A key feature of the functioning of a social relationship is the identities of those involved. Studies about the social and professional identities of doctors (both the formation and maintenance of these identities) offer many useful entry points to study the state of the medical profession in a society at a point in time. There are studies that highlight how individual doctors draw on collective ways of thinking within and about the medical profession to form and maintain their identities. There is also research that examines identity formation and maintenance in different societies and cultures and advocates for context-specific approaches to understanding professional identity formation and maintenance. Then there is research that mobilises different theories of identity development and maintenance to examine the relationship between society and various professions. For example, medical educator Dr. Helmich and colleagues draw on psychological approaches and relational sociological approaches to unpack how personal, role, and group identities amongst medical practitioners shape their interactions and relations with members of society.
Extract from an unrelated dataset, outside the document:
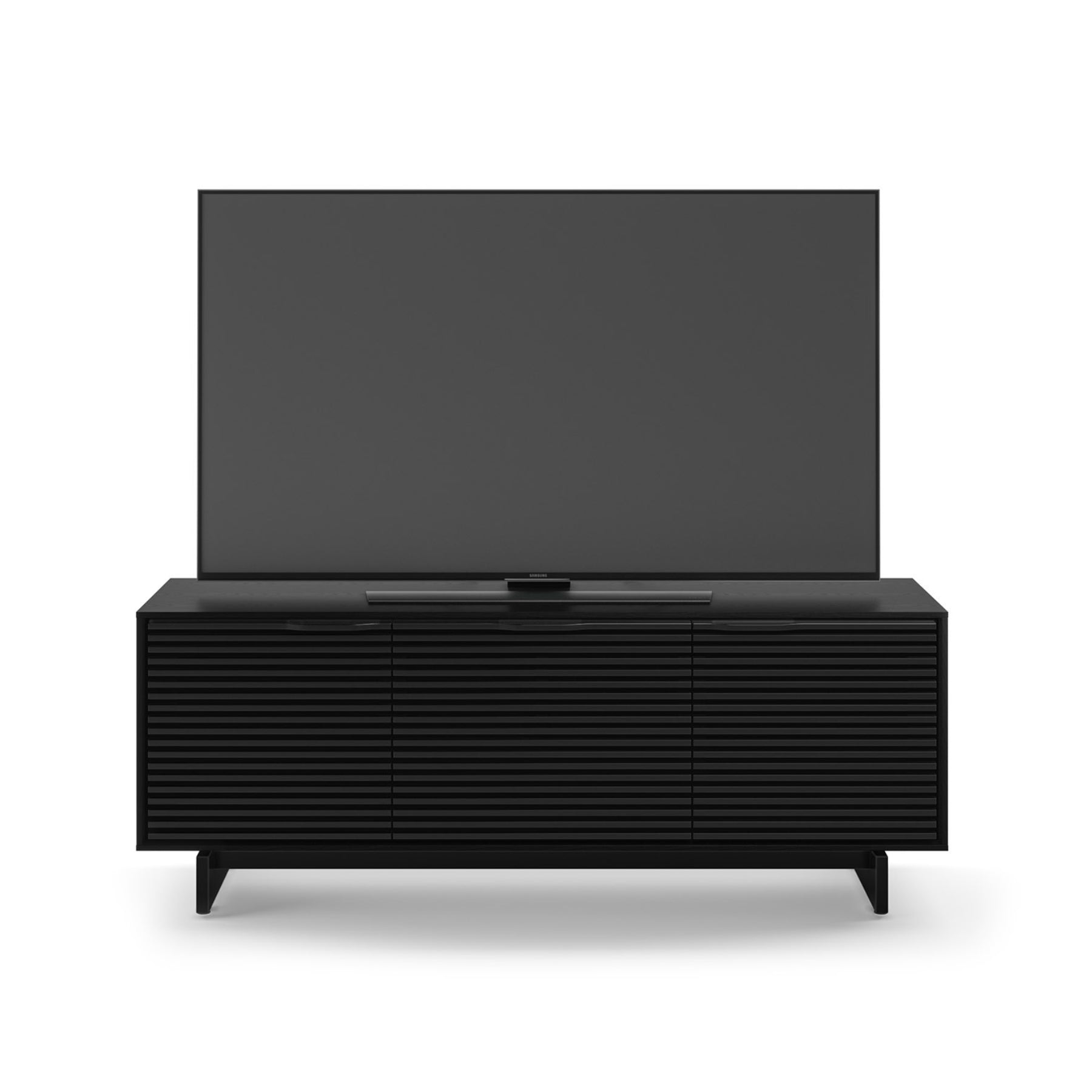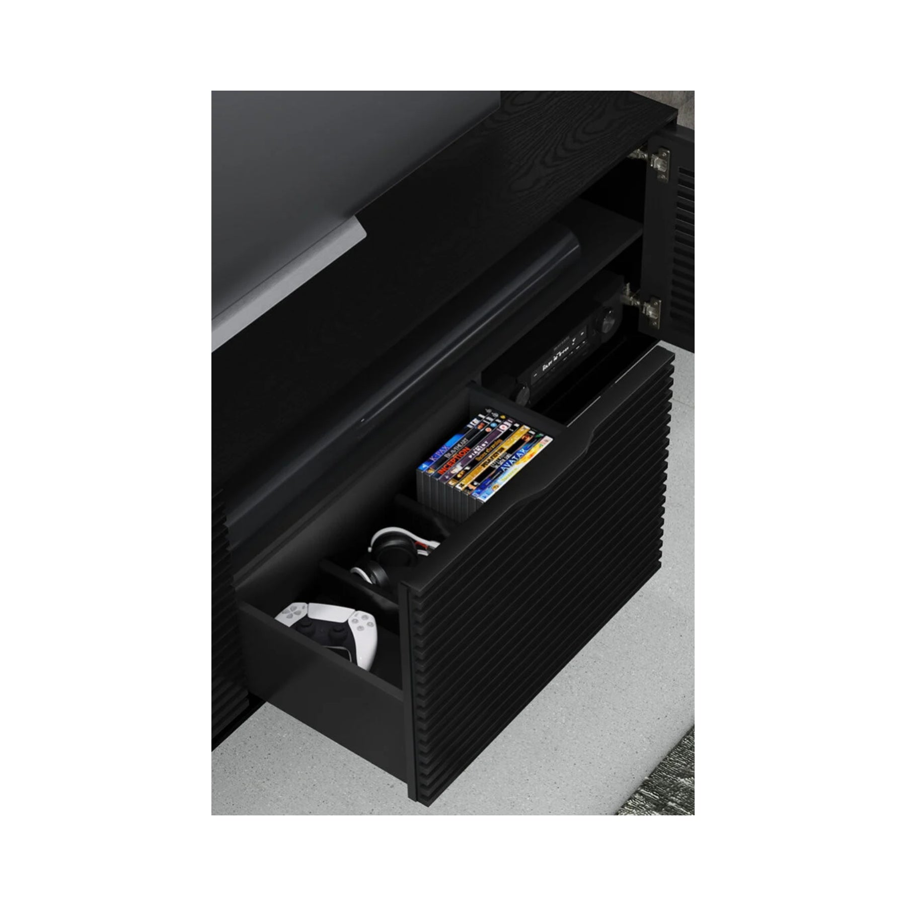 A modern console with a unique center drawer, a full-width soundbar shelf, and ample storage for movies, video games, and other media.

Consistent across these different ways of looking at social and professional identities is the notion that identities are not static and that they change and evolve. As identities evolve, so do their relationships. Consistent across researchis also the notion that actors often wear multiple hats and that different identities are invoked and mobilised at different times. These different identities are often at odds with each other, which compels doctors to ‘juggle’ multiple identities, resulting in the broader reconfiguration of the medical profession’s identity. We contend that examining the identities of medical professionals along the above lines and within the broader context of the changing identities of the people they serve can offer valuable insights into the phenomenon of the rise in violence against doctors, and the state of the medical profession in society.

Social conflict

Another aspect that stands out in research pertains to the state of a society broadly i.e., the state of important societal institutions and how they relate to each other and to members of society. We would expect that these broader relational arrangements and dynamics also impinge upon the relationship between the medical profession and society. We contend that the conflictual aspects of the relationship between doctors and patients, and more broadly the medical profession and society, can be usefully understood using understandings of social conflict articulated by sociologists Lewis Coser and Louis Kriesberg.  Coser argues that any social system involves an allocation of power and status positions among sub-groups of actors in the system and that all relations reflect the outcome of ongoing contestation and negotiation between different groups in society for privilege and status. Coser adds, ‘There is never complete concordance between what individuals and groups within a system consider their just due and the system of allocation.’ As groups contest and grapple for allocation of power (power to and power over) and status, conflict ensues when an impasse or a state of unresolvable disagreement occurs.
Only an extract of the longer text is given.